EXERCISE MATERIAL |
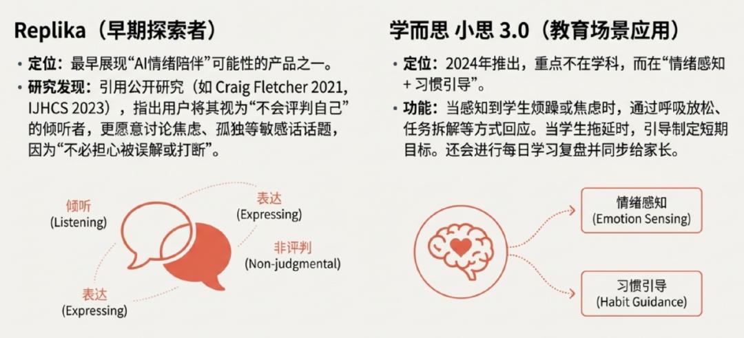 学习并不是纯粹的认知过程。情绪、动机与自我效能往往决定学习的持续性,尤其在高压力教育环境中,这些因素对学生影响更为显著。长期以来,教育系统在学科知识之外的情绪支持常常不足,辅导关系也难以覆盖所有学生。AI 学习伙伴的出现,使这一环节第一次可以规模化触达。
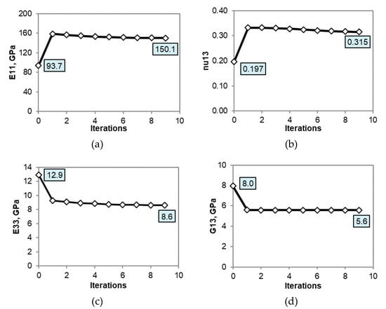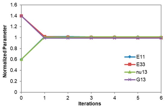 Figure 11 shows an example of convergence of the material parameters for the FEMU procedure using experimental DIC strain data from OHC testing of a generic carbon-epoxy unidirectional specimen. The threshold for convergence is reached after nine iterations, however effective convergence is pretty much achieved after two or three iterations, as illustrated. In this example, convergence is illustrated for a 50% maximum relative error in the initial approximation of the interlaminar Young’s Modulus
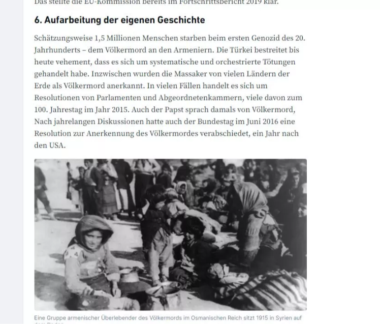 6. Sözde “Ermeni soykırımı”: Türkiye’nin kendi tarihi ile “yüzleşmesi” gerektiği ve yeni Türk hükümetinin “uluslararası toplumun saygın bir üyesi” olabilmek için bu konuyla ilgilenmesi, kısacası soykırım suçlamasını kabul etmesi gerektiği belirtildi.
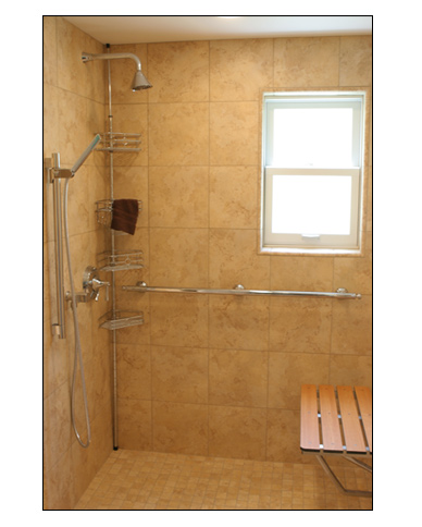 | This universal designed shower for a disabled senior has no dam allowing easy access into the shower. A drop-down seat, hand held shower head and grab bars also allow the user or caregiver to easily have a shower in comfort. A shower curtain, not shown, provides privacy. |
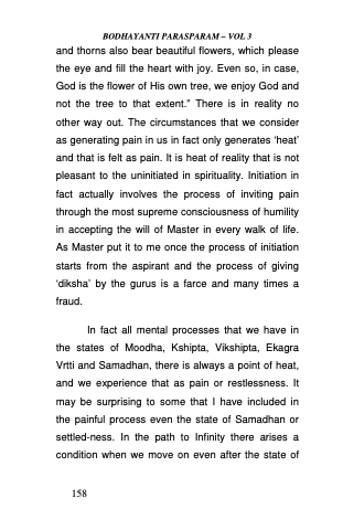 and thorns also bear beautiful flowers, which please the eye and fill the heart with joy. Even so, in case, God is the flower of His own tree, we enjoy God and not the tree to that extent.” There is in reality no other way out. The circumstances that we consider as generating pain in us in fact only generates ‘heat’ and that is felt as pain. It is heat of reality that is not pleasant to the uninitiated in spirituality. Initiation in fact actually involves the process of inviting pain through the most supreme consciousness of humility in accepting the will of Master in every walk of life. As Master put it to me once the process of initiation starts from the aspirant and the process of giving ‘diksha’ by the gurus is a farce and many times a fraud.
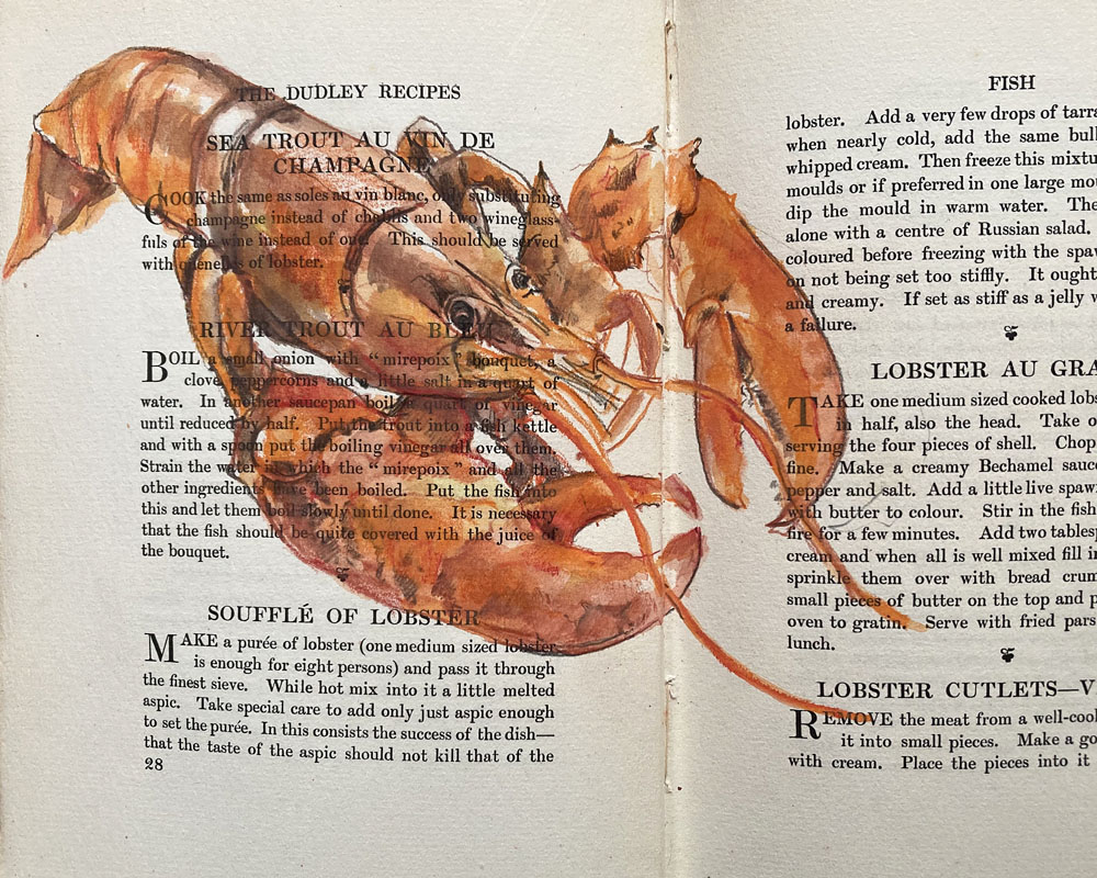 Alissa Duke is a law librarian, artist and book lover whose practice sits at the intersection of the written word and visual art. Since 2014 she has been rescuing books that are about to be discarded, drawing on their pages in watercolour pencil — each image inspired by the words on the page, giving the book a new life and a new audience.
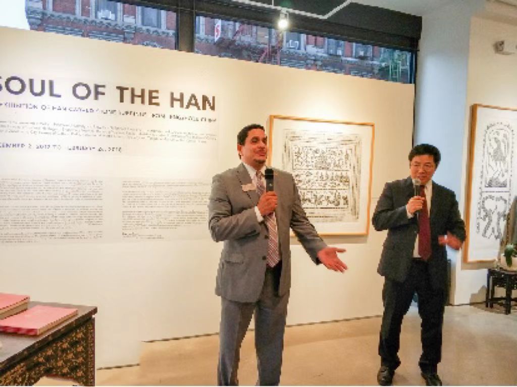 “没想到中国汉代艺术如此博大精深!”2017年12月,由中国汉画学会推荐,美国威廉帕特森大学中国艺术中心、山东省文化厅等举办的《汉人之魂——滕州汉画像石拓片艺术展》在美国纽约中国艺术馆开幕,展览现场,一位喜欢研究汉文化的美国参观者发出惊叹。该展览是迄今为止中国在美国举办的规模最大的汉画像石拓片艺术作品展,增进了美国公众对汉代文明为代表的中华文明的历史传承与文化创造的了解和认识。
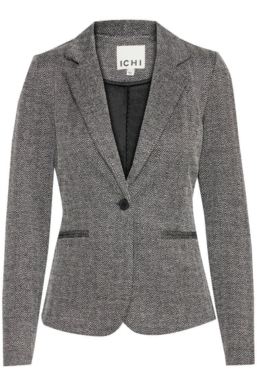 OBS! Fjernlager. Levering kan blive forlænget med 2-3 dage, hvis varen ikke findes i vores butik lige nu.Flot blazerjakke fra Ichi med lange ærmer, v-udskæring i halsen og en klassisk figursyet silhuet.
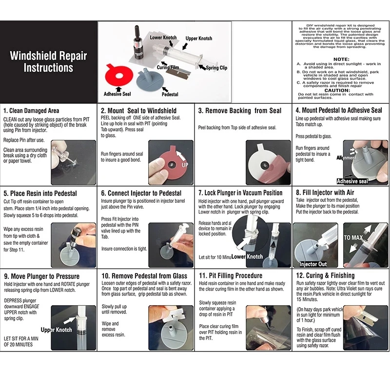 Набор для Ремонта Лобового стекла DIY предназначен для заполнения воздушной полости сильным проникающим клеем, который скрепляет свободное стекло и восстановит видимость.
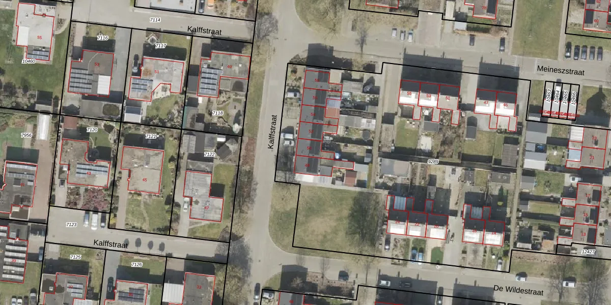 Het perceel waarop Kalffstraat 50 staat heeft een oppervlakte van 6077 m². Dit is een zeer groot perceel. De perceeloppervlakte wordt geregistreerd door het Kadaster. Gedetailleerde informatie over de maten van dit perceel kunt u vinden in het rapport Kadastrale kaart met maatvoering van Kalffstraat 50.

EXERCISE BRIEF |
Within the material above, only the stretch from the line holding "etmesi gerektiği belirtildi." through the line holding "provides privacy. |" is to be restated exactly. Pictures are dropped.

ANSWER TO THE PROBLEM |
 6. Sözde “Ermeni soykırımı”: Türkiye’nin kendi tarihi ile “yüzleşmesi” gerektiği ve yeni Türk hükümetinin “uluslararası toplumun saygın bir üyesi” olabilmek için bu konuyla ilgilenmesi, kısacası soykırım suçlamasını kabul etmesi gerektiği belirtildi.
 | This universal designed shower for a disabled senior has no dam allowing easy access into the shower. A drop-down seat, hand held shower head and grab bars also allow the user or caregiver to easily have a shower in comfort. A shower curtain, not shown, provides privacy. |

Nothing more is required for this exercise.